Contrary to popular belief, a recycling bin is not a wishing well or a lucky Italian fountain in which you toss coins, and your local recycling facility workers are not wizards who magically transform something completely unrecyclable into something that is. Sure, what recycling facilities can do is pretty freaking incredible, but putting any old item in the recyclables bin does not make it so. This practice is called wishcycling, and although I totally encourage you to keep wishin’ and hopin’ in other aspects of your glorious life, recycling simply doesn’t work that way.
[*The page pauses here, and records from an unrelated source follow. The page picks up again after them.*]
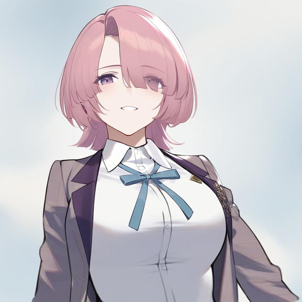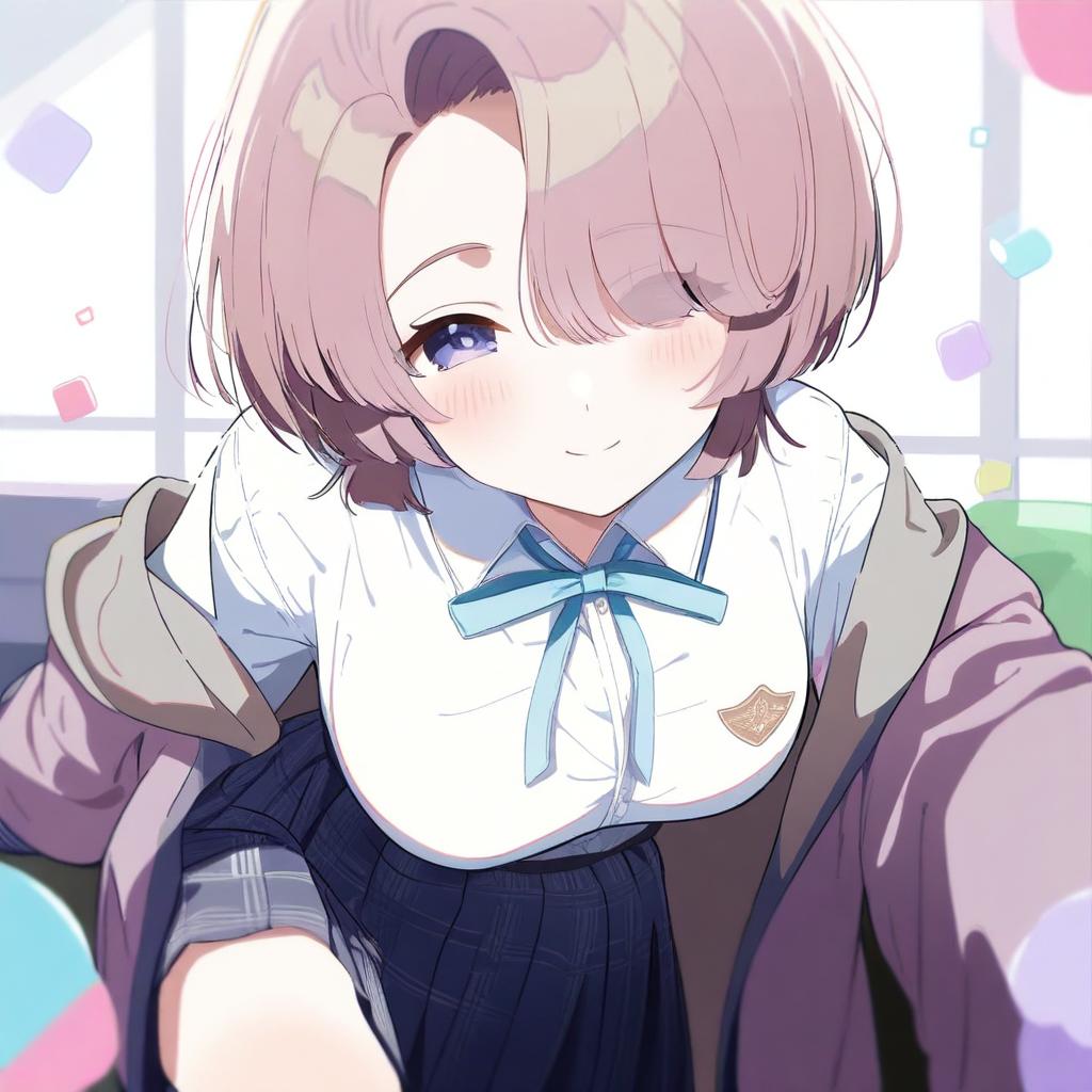 Arimura mao, gakuen idolmaster, 1girl, purple eyes, hair over one eye, pink hair, short hair, asymmetrical bangs, large breasts, medium breasts, school uniform, by artist porqueloin, animagine
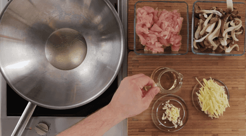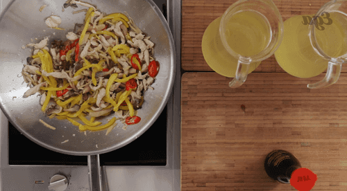 Heat the wok and add vegetable oil. In the hot oil, fry thinly sliced ginger, chicken, oyster mushrooms, and minced garlic. The result should be chicken and mushrooms ready to eat. The mushrooms should release juice, which must evaporate at high temperatures, and the oyster mushrooms should develop a nice brown crust, filling the kitchen with the aroma of freshly fried mushrooms.
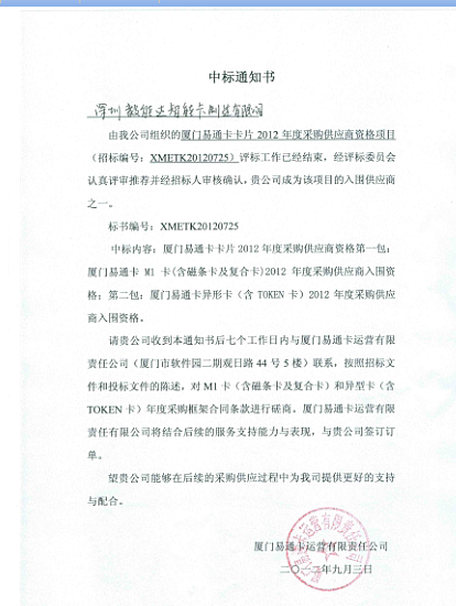 2012年9月3日,在廈門易通卡卡片2012年度采購供應商資格項目中,經評標委員會的綜合評定,毅能達成為該項目的入圍供應商一。
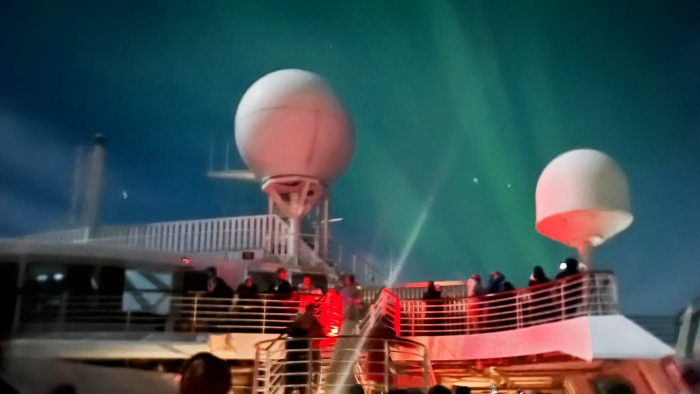 オーロラベルト圏内を航行中のパシフィック・ワールド号の船上で、待ちに待ったオーロラを観測しました。船の前方から後方へと光をのばしてゆく緑のオーロラ――写真や映像ではなく自分の目で眺めるオーロラは、とても神秘的で感動的でした。船のデッキには大勢の人が集まり、夜空で舞い踊る光のヴェール・オーロラを目に焼きつけていました。
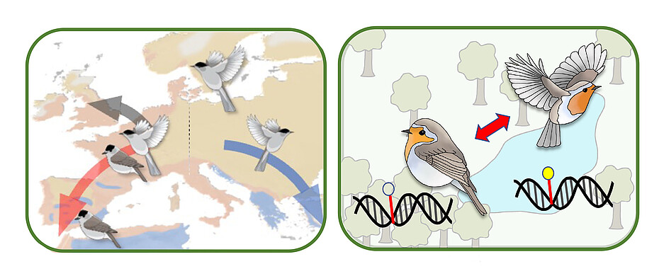 In order to identify individual variation we map these precise and accurately quantified trait characteristics to genotype: In the European robin and blackbird, we focally investigate the propensity to migrate, specifically patterns of partial migration, i.e. populations that comprise migratory individuals that leave the breeding range in autumn and return in spring, and resident individuals that stay in the breeding area year round.
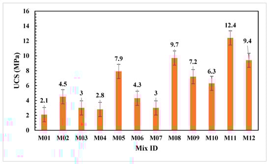 The results demonstrate the significant influence of both binder content and CBD/FCC proportions on strength development. The 50:50 CBD/FCC mixes (M02, M05, M08, M11) exhibit consistently superior UCS values, progressing from 4.5 MPa at 4% binder content to 12.4 MPa at 10% binder content. This marked performance advantage stems from the synergistic interaction between FCC’s pozzolanic reactivity and CBD’s cementitious properties, fostering the formation of a dense, interconnected matrix [,]. The balanced proportions enable optimal chemical interaction between the materials, maximizing their respective contributions to strength development []. The 30:70 CBD/FCC mixes (M01, M04, M07, M10) demonstrate notably lower strength development, with values ranging from 2.1 MPa to 6.3 MPa. This performance limitation reflects insufficient CBD content for proper activation of the FCC’s pozzolanic potential. Particularly telling is the irregular strength progression until reaching 10% binder content, where a significant jump to 6.3 MPa occurs, suggesting that high binder contents are required to compensate for the suboptimal material ratio [].
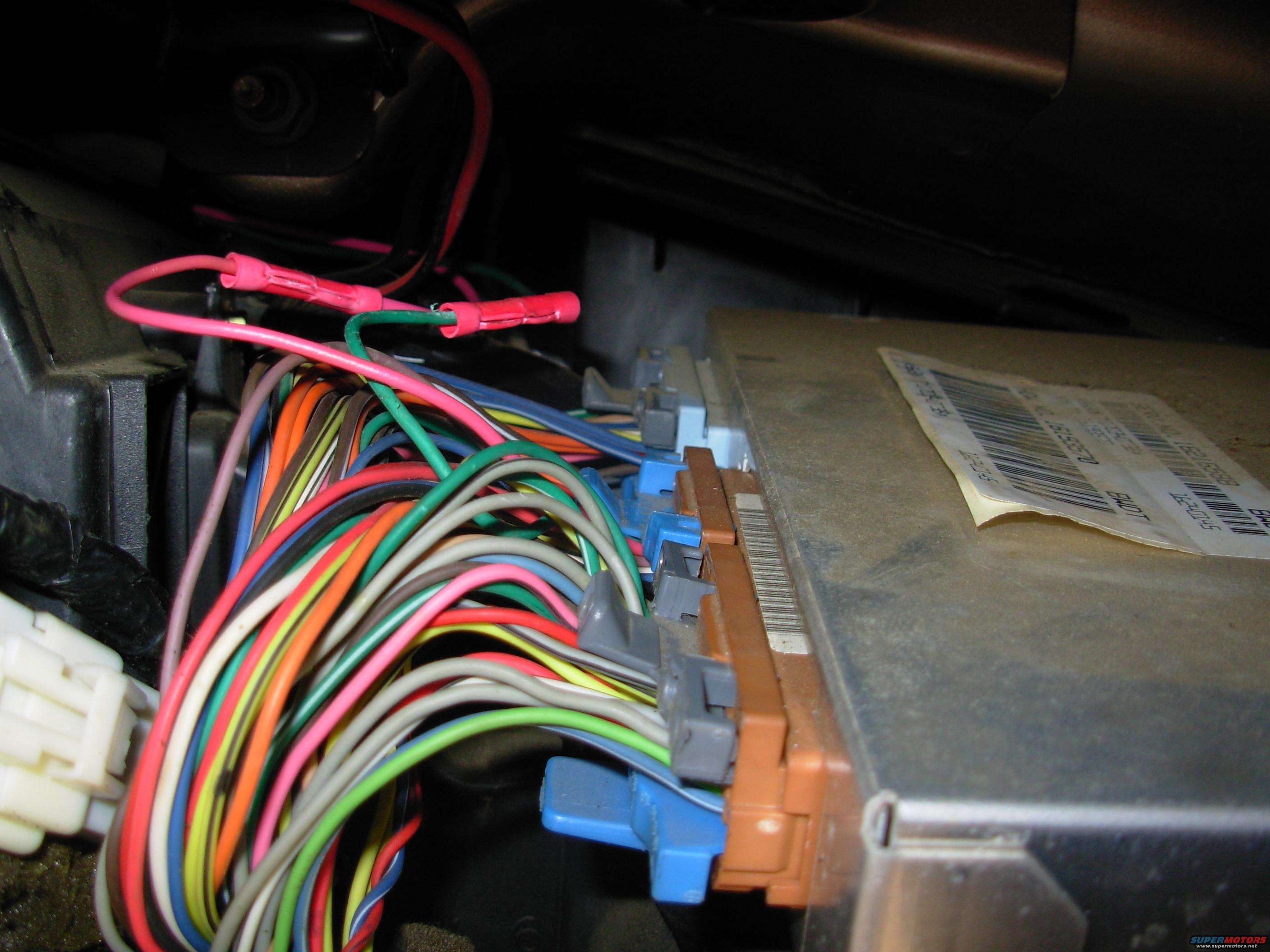 The PCM slides out & rotates for access. The target is the top row of the 2nd brown connector. I took this pic after I was finished, but you can still see what's involved.

Here’s how recycling actually works:

Study up on what’s recycled in your system: Most areas will recycle aluminum (beverage cans, cleaned foil, and aluminum cookware), steel and tin cans, corrugated cardboard, magazines, newspapers, office papers, paperboard, paper cardboard beverage cartons, envelopes sans plastic windows (so remove those before tossing the paper in the bin), phone books, glass (clear, amber, and emerald), and certain plastics (especially bottles, jars, and jugs). Some municipalities will recycle yard clippings, energy-efficient lightbulbs, batteries, and electronics, but check before you put these out, especially as they might have separate pickup days or requirements.